Assessing the shape and distribution of the lagged data to inform visualization decisions
Applying an appropriate data transformation to address skew and zero values
Computing descriptive summary statistics to audit data quality and justify design choices
Running a Pearson correlation test and extracting r and p-values for annotation
Building the final regression scatter plot using ggplot2, with visual encoding by year and statistical annotation

The files I produced for this component were the R script (chicagocrime.R) and the final correlation scatter plot (leadExposureVsViolentCrime.png).

Sources

City of Chicago. (2014). Public Health Statistics - Screening for elevated blood lead levels in children aged 0-6 years by year, Chicago, 1999–2013. Chicago Data Portal.
City of Chicago. (2024). Chicago Crime [Data set]. Kaggle.

Tools & Technology

R – Primary analysis environment
ggplot2 – Scatter plot, regression line, and theme
dplyr – Summary statistics and data wrangling
colorspace – Sequential color palette for year encoding
Base R (cor.test) – Pearson correlation and p-value extraction

The broader project also used Python (pandas) for the ETL pipeline, React/HTML for the slide presentation, and Power BI for an interactive dashboard — these were owned by other team members.

Methodology

4a. Exploratory Visualization & Justifying the Log Scale

Before building the final chart, I produced a simple bar distribution of the raw Percent_Elevated_Lead variable using geom_bar(). The plot immediately revealed a heavily right-skewed distribution — a large number of community areas clustered near zero with a long tail of high-exposure outliers. This initial diagnostic visualization, combined with the summary statistics (see below), made clear that plotting the raw values would compress most of the data into an unreadable range and allow extreme outliers to dominate the visual.

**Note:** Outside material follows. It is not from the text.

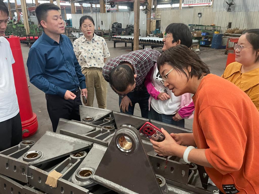 在湖 北万邦液压装备有限公司,太阳官网教师听取了企业负责人张建亮关于企业生产经营、科技研发、技术难题等情况介绍,参观了生产车间。对于企业提出的产品轻量化、装备自动化、数字化赋能等技术需求,教师团队给予了现场指导,并与公司技术人员进行了深入交流和技术对接,表示将根据企业的需求后续跟进服务,助力企业创新发展和技术进步。交流活动结束时,企业负责人深表满意和感谢,并就后续校企合作达成意向,接下来将邀请学院教师对企业员工开展培训和技术指导。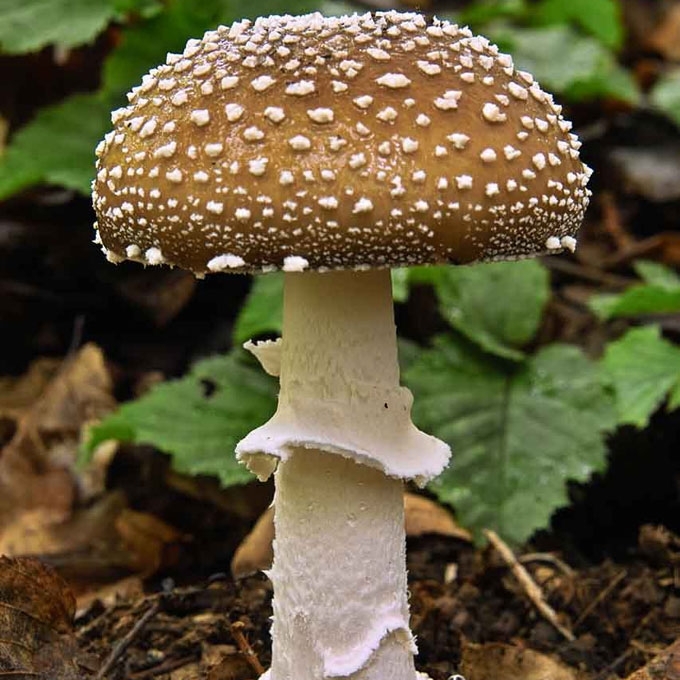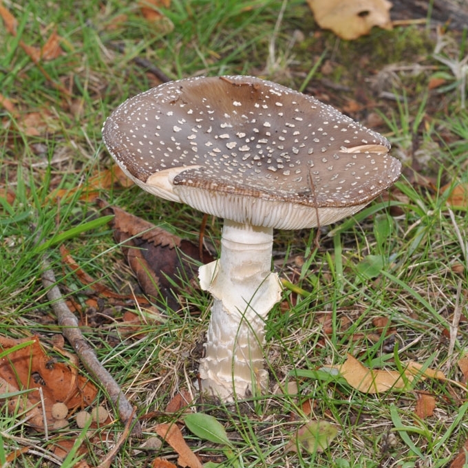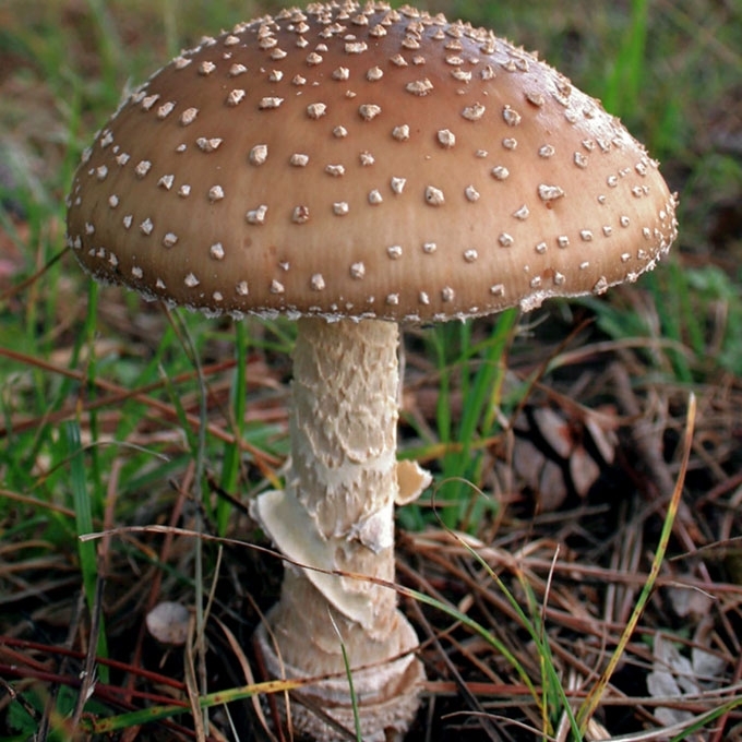 Vaisiakūniai dideli. Kepurėlė 5-10 (12) cm skersmens, pusiau apvali, galiausiai pana, šviesiai ruda, pilkai ruda, gelsvai ruda, paviršius apšepęs nedideliais baltais žvyneliais, karputėmis. Lakšteliai balti, tankūs, platūs, laisvi. Kotas 7-12x1-2 cm, baltas, plaušuotas, tarsi dribsniuotas, su žiedu, į apačią nežymiai storėjantis, pamatinė dalis gumbiškai sustorėjusi, apgaubta tvirtai priaugusia balta, tarsi pašiurpusia išnara, virš kurios dar driekiasi 1-3 gležni plaušingi žiediški fragmentai. Trama balta, nemalonaus kvapo.

Distribution of raw lead exposure data showing right skew

4b. Data Transformation

To address the skew, I applied a log1p transformation (log1p(x) = log(1 + x)) to both the lead exposure and crime count variables. The choice of log1p over the more common log10 was deliberate: the raw data contained true zero values (community areas with no recorded elevated lead cases in a given year), and log(0) is undefined. log1p shifts the input by 1 before taking the log, preserving zeros as 0 in the transformed space and avoiding data loss or imputation.

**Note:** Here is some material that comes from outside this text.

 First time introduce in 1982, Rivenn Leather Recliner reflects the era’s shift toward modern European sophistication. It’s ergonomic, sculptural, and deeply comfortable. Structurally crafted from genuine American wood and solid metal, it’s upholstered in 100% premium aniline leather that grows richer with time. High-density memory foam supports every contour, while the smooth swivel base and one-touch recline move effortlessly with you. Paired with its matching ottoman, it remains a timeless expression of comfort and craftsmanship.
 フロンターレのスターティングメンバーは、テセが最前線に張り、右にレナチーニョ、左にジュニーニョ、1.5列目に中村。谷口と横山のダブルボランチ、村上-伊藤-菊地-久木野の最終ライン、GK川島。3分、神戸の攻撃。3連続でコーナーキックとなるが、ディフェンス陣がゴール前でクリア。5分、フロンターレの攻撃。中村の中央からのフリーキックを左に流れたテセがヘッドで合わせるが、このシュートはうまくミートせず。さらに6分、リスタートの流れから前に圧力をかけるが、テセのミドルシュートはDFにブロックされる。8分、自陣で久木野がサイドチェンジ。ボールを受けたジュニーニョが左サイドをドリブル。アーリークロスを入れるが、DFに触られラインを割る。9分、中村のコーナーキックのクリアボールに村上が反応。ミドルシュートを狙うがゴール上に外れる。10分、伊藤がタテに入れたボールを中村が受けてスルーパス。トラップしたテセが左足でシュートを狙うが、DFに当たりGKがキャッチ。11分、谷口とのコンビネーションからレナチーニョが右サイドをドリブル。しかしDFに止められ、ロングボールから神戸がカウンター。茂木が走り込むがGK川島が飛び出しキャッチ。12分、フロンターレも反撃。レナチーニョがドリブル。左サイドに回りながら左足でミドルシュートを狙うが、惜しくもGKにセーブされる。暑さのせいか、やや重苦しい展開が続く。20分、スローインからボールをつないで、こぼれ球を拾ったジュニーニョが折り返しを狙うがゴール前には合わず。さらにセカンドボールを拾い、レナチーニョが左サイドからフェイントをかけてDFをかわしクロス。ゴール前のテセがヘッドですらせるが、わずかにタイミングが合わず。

Raw data → log1p transformation: log(1 + x) → Transformed variables ready for analysis

4c. Summary Statistics & Data Quality Audit

With the transformed variables in hand, I computed a comprehensive summary statistics table using dplyr::summarise(), capturing N, mean, median, standard deviation, variance, and maximum for both the lead and crime variables. This served as a data integrity check — verifying row counts, identifying the magnitude of spread, and confirming the extreme range between median and maximum values that had initially warranted the log scale. The large gap between median and max in the raw data (e.g., a median lead percentage near 2–3% but a maximum near 22–24%) validated that the log transformation was the appropriate corrective step rather than simply clipping outliers.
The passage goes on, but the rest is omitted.